Presiden Joko Widodo (Jokowi) melakukan kunjungan kenegaraan ke Afghanistan (merdeka.com)

Timlo.net – Presiden Joko Widodo (Jokowi) menjadi Imam salat Zuhur saat melakukan kunjungan di Afghanistan. Juru Bicara Kepresidenan, Johan Budi Sapto Prabowo mengatakan, Jokowi menjadi imam salat berjamaah tersebut karena permintaan Ashraf Ghani.

“Waktu salat Zuhur pak Presiden diminta mengimami. Di belakang ada pak Ashraf Ghani,” ujar Johan Budi di Kantor Presiden, Jakarta, Selasa (30/1).

Johan menambahkan, selama dirinya mendampingi kepala negara melakukan kunjungan kerja baik di luar maupun dalam negeri, Jokowi tak canggung-canggung menjadi imam salat berjamaah. Namun, apa yang dilakukan Jokowi di Afghanistan ini memang menarik perhatian publik.
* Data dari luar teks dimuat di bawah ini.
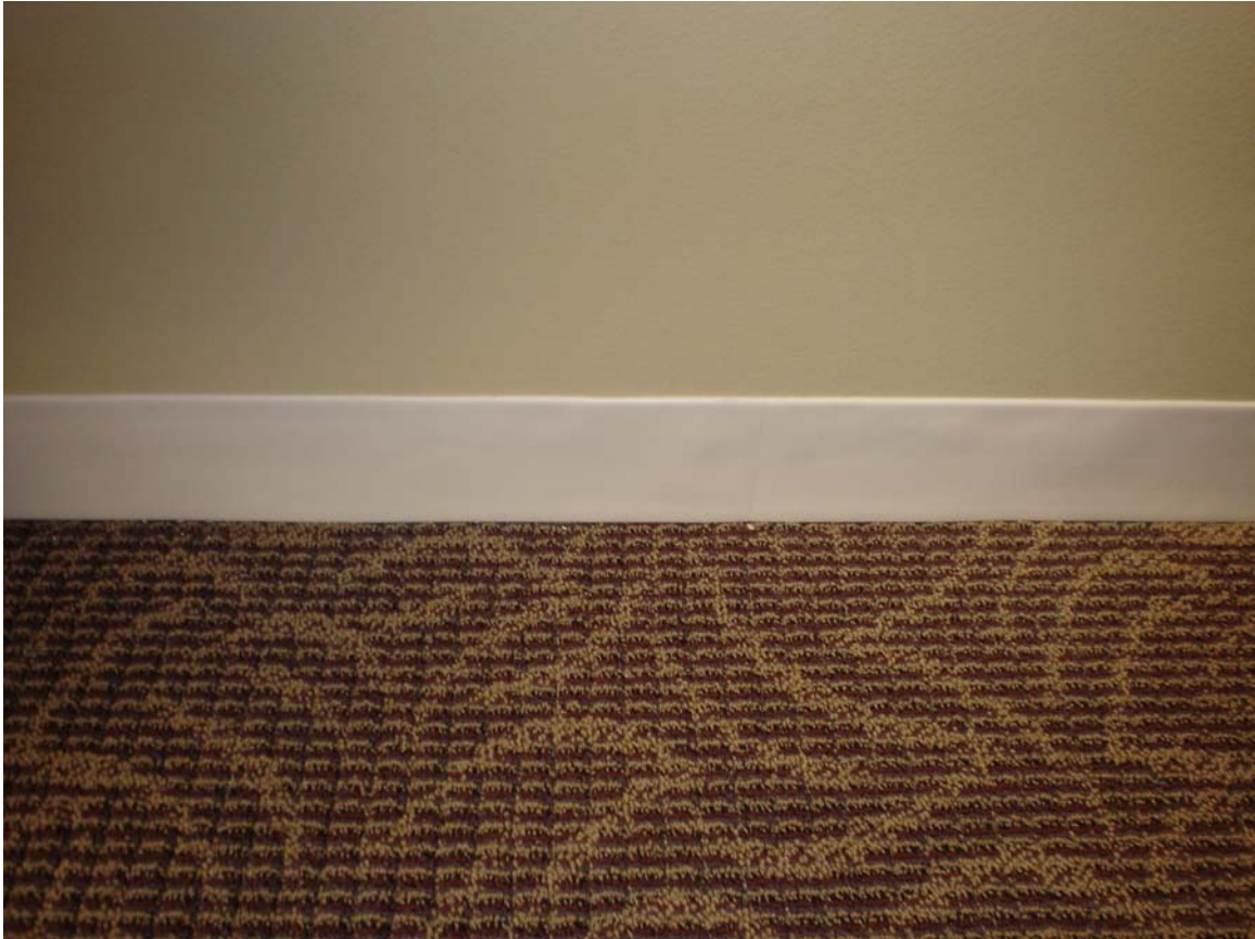
HA #26 – Non asbestos-containing 4” white cove molding and associated mastic

For more information contact MSU Environmental Health and Safety – (517) 353-8956

“Presiden sering loh mengimami salat, tidak hanya pas di Afghanistan. Di kunjungan kerja di dalam negeri juga,” ucapnya.

Tak hanya mengimami salah Zuhur berjamaah, ada hal lain yang jadi sorotan publik. Di mana, mantan Gubernur DKI Jakarta itu memberi hadiah peci kepada Ashraf Ghani.

Kala melakukan kunjungan ke Afghanistan, Jokowi memang terlihat mengenakan peci hitam. Sementara saat malakukan lawatan ke empat negara lainnya, yakni Bangladesh, Sri Langka, India, dan Pakistan dia tidak menggunakannya.

Sejumlah pihak menilai, cara Jokowi ini menunjukkan diplomasi peci seperti apa yang dilakukan Presiden pertama Soekarno kala mengunjungi Afghanistan tahun 1961 lalu.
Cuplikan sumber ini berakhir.